Но это все лирика. А почему не видно людей? Поднимаются зеленые всходы, заросли кустарника источают покой и ароматы, и вот уже пшеничный колос становится жестче, хотя крохотные золотые капельки зерен еще почти неразличимы, но люди, где же люди? — нет их на этих радостных полях, а ведь они в конце концов не крепостные, не козы, к столбу привязанные. Нечего человеку здесь делать, особенно если погода благоприятная стоит — бросил зерно в землю и клади зубы на полку, тебя позовут, когда жатва подоспеет. Потому-то словно бы зря и цветет он, этот цветущий май, что уж нам расписывать чудесную, многообещающую погоду, посмотрим лучше на эти хмурые лица, ввалившиеся глаза и щеки. Нет работы, говорят они, и пусть смеется природа, тем лучше для нее, а нам не до смеха.

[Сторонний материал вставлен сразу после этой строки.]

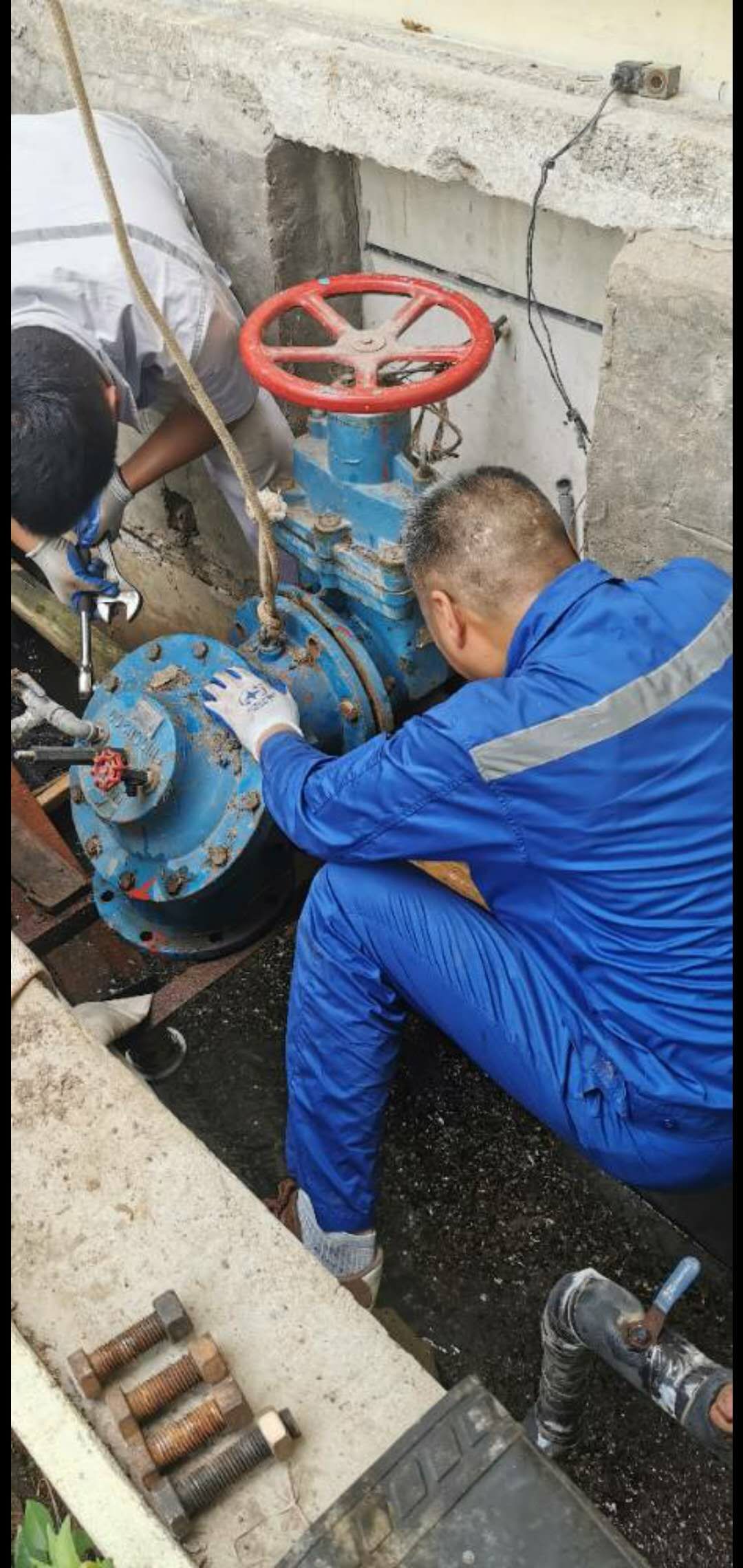 7月20日,接制水部反饋,一水廠4萬噸沉淀池出現(xiàn)排泥不暢情況。因為排泥直接影響到沉淀水的水質(zhì),所以機(jī)電部立即響應(yīng),組織相關(guān)人員開始研究方案,組織維修。

Пройдемся в поля, поднимемся на гору, а по дороге заметим, как сияют камни в солнечных лучах, и, с легкостью поверив в удачу, скажем: Золото, словно все то золото, что блестит. Не увидим людей в поле и решим: Богатая тут жизнь, пшеница зреет, а ты себе лежи-полеживай. Но давайте-ка разберемся. Зима, как уже говорилось, проходит в великих пирах и кутежах: желуди и чертополох с единственной тушеной луковицей, считанными рисинками да кусочком хлеба, от себя кусок отрываешь, чтобы детям побольше досталось, хотя об этом не стоило бы второй раз упоминать, а то вы подумаете, будто мы кичимся приносимыми жертвами, этого еще не хватало, просто делаем то, что делали родители наши и родители наших родителей, и так со времен сеньора Ламберто ведется, и даже еще раньше — с незапамятной старины; вот так проходит зима, и если кто с голоду помирает, то разве нет для такой смерти названий, не оскорбляющих слух и приличия. Наступает середина января, Норберто и Догаберто велят подстригать деревья, и на этом можно немного заработать, но не всем. Подбери толковых людей, да чтоб свар не заводили, а после стрижки на земле остаются сучья, приезжают угольщики за углем, и начинается работа огненная, тут и слова у нас появляются другие: «обжигать», «землей присыпать», «измельчать», и, пока мы их смакуем, люди все это делают, нам-то что, мы только слова и знаем, да и они нам раньше не знакомы были, быстренько к этому случаю подучили… ну, а как уголь готов, подсушим его, погрузим и прощай до следующего года, а в Лиссабоне: Меня зовут Перес, у меня в городе двадцать пять угольных лавок да за городом еще несколько, так вы скажите своей хозяйке, что уголь этот замечательный, из пробкового дуба жгли, горит медленно, потому он и дороже, никак нельзя уступить. А мы обжигаем, друг мой, мы творим это тепло, этот дым, и у нас есть, чем напиться; вот возьму кувшин, запрокину голову, и забулькает вода — чего уж лучше! И течет из углов рта, светлые русла пробивает среди угольных берегов. Всем бы нам испытать это и еще многое другое, через все пройти, потому что в жизни, как она ни коротка, можно сделать столько разных дел, а случается, что человек живет мало и все его время уголь съедает.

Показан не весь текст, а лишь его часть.